I'm getting pics soon.


----------



## JenniferCameron (Mar 12, 2008)

He's so cute! My Bunny is named Winston too.

<---------


----------



## FallingStar (Mar 12, 2008)

That's so cool Jennifer! What colour is he?


----------



## BSAR (Mar 12, 2008)

FS- She has a picture of a ND on her avatar and he is balck or blue/grey.


----------



## JenniferCameron (Mar 12, 2008)

Yes he is black (with a few white hairs) and a Netherland dwarf.


----------



## FallingStar (Mar 13, 2008)

Awwww. He sounds adorable.


----------



## maisy126 (Mar 14, 2008)

:inlove:He is soooo cute! *hugs Winston*:hug1


----------



## FallingStar (Mar 14, 2008)

Thanks Maisy!


----------



## BlueCamasRabbitry (Mar 17, 2008)

Updates!!! Come on, girl! You got to get some more pictures and stories and stuff! Isn't he going to do rabbit hopping? Maybe you could enlighten (?) us all about that!? lol

Emily


----------



## FallingStar (Mar 18, 2008)

Okay, well my camera isn't working at the moment so I cannot take any pictures to update everyone. :rant: 


But [like BlueSky said] I plan to do rabbit hopping with Winston, and try it with the girls. I'm still waiting for a nice day to start with it. So hopefully I'll get the nice day soon or later..  
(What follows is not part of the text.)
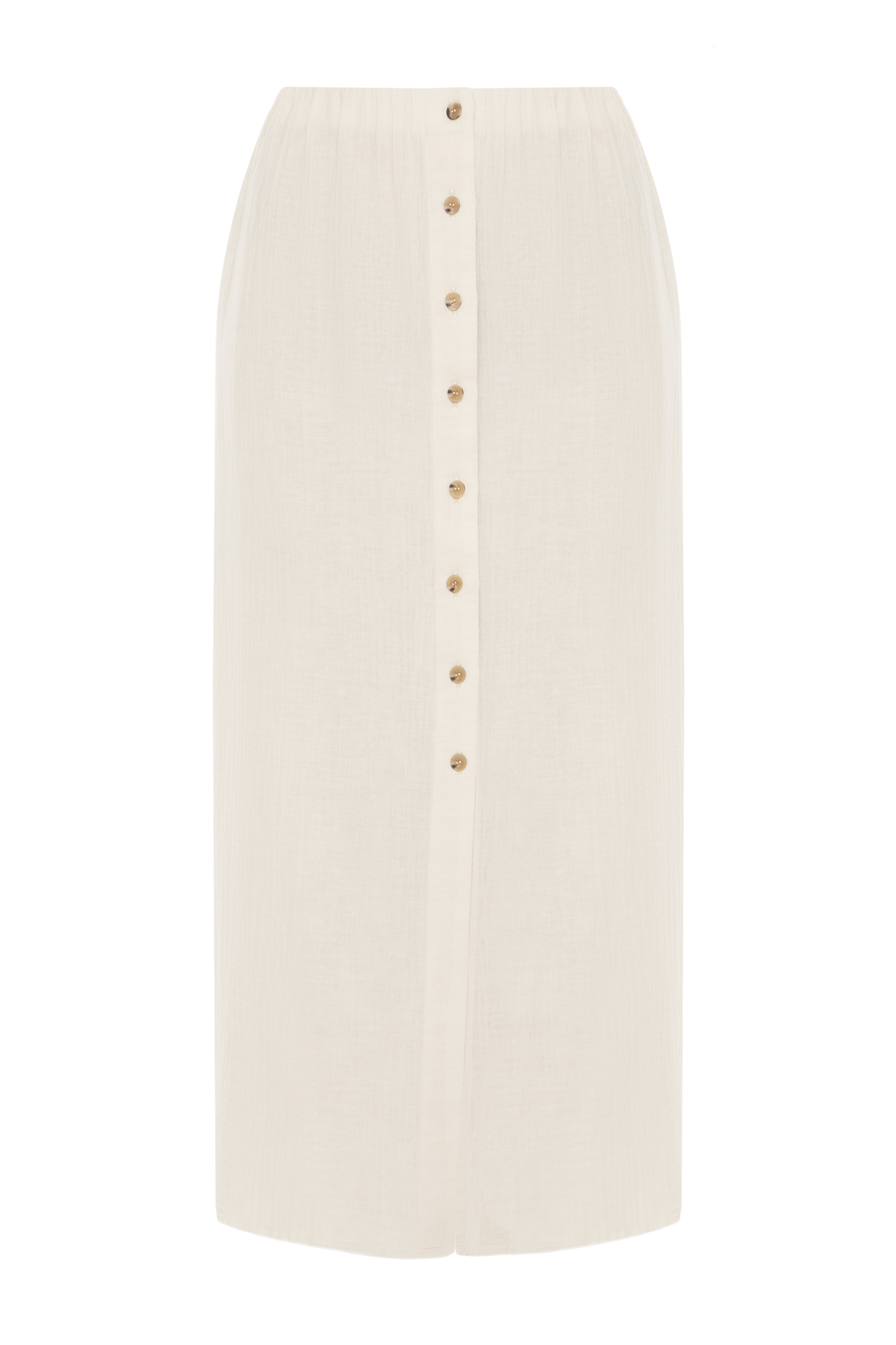 Summer staple from O'SEVEN ELEVEN, Beige Midi Skirt is constructed with a front button-down closure that makes it the perfect cover-up for poolside lounging and walks on a beach. Breathable cotton fabrication helps the piece to strike a perfect balance between effortless elegance and comfort while elasticated waist enriches casual identity of it.
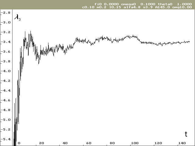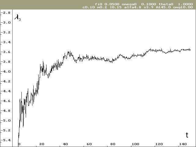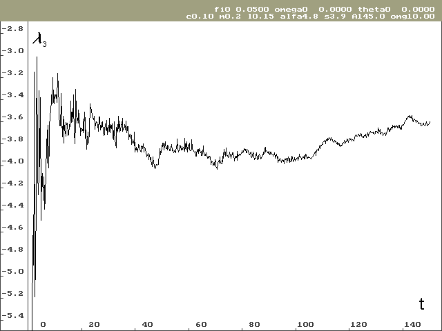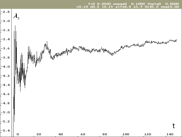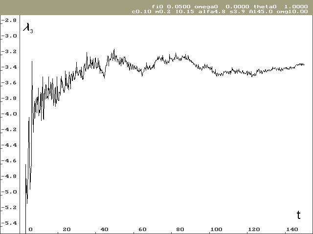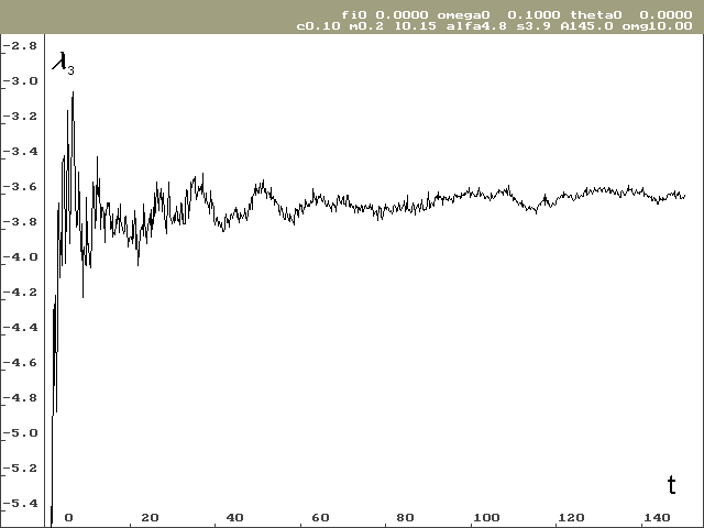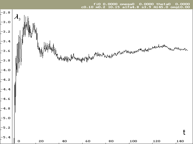 Pro stanovení Ljapunovova spektra bylo potřeba provést výpočty pro různé počáteční podmínky. Odhad globálních Ljapunovových exponentů vyšel značně rozdílný i pro poměrně dlouhé časové období (ve svých výpočtech jsem sledoval časové období od 0 do 150 sekund při kroku h = 0.0001s), viz tab. 1. Další komplikací při odhadování globálních Ljapunovových exponentů je, že závislost není taková, aby se dala snadno aproximovat funkcí s asymptotickým chováním. V průběhu Ljapunovových exponentů jsou totiž globální oscilace, jak je vidět na obrázcích 2 a 3. Proto byl odhad proveden prostým aritmetickým průměrem z poslední jedné čtvrtiny řešení (čas 112 až 150 sekund).

But Winston is getting bigger and bigger. He's starting to move/toss things around in his cage because he doesn't like the way mum -me- puts it in his cage. Haha. Little stinker.  


I've been messing around with my camera and hopefully it will be good and work tomorrow for me. But I'll update again tomorrow, hopefully with pics. 


KP 'n' Buns


----------



## BlueCamasRabbitry (Mar 18, 2008)

Yay! Lol. can't wait! 

Emily


----------



## BlueCamasRabbitry (Mar 20, 2008)

Ahem. Where are the new pictures of that cute little fellar!? lol. 

Winston's so adorable! I just love him! And, of course, I love Butter & Rayne too,  

Emily


----------



## FallingStar (Mar 25, 2008)

Sorry guys that I haven't updated his blog for awhile but, I got some pictures of him today and all.  Here they are..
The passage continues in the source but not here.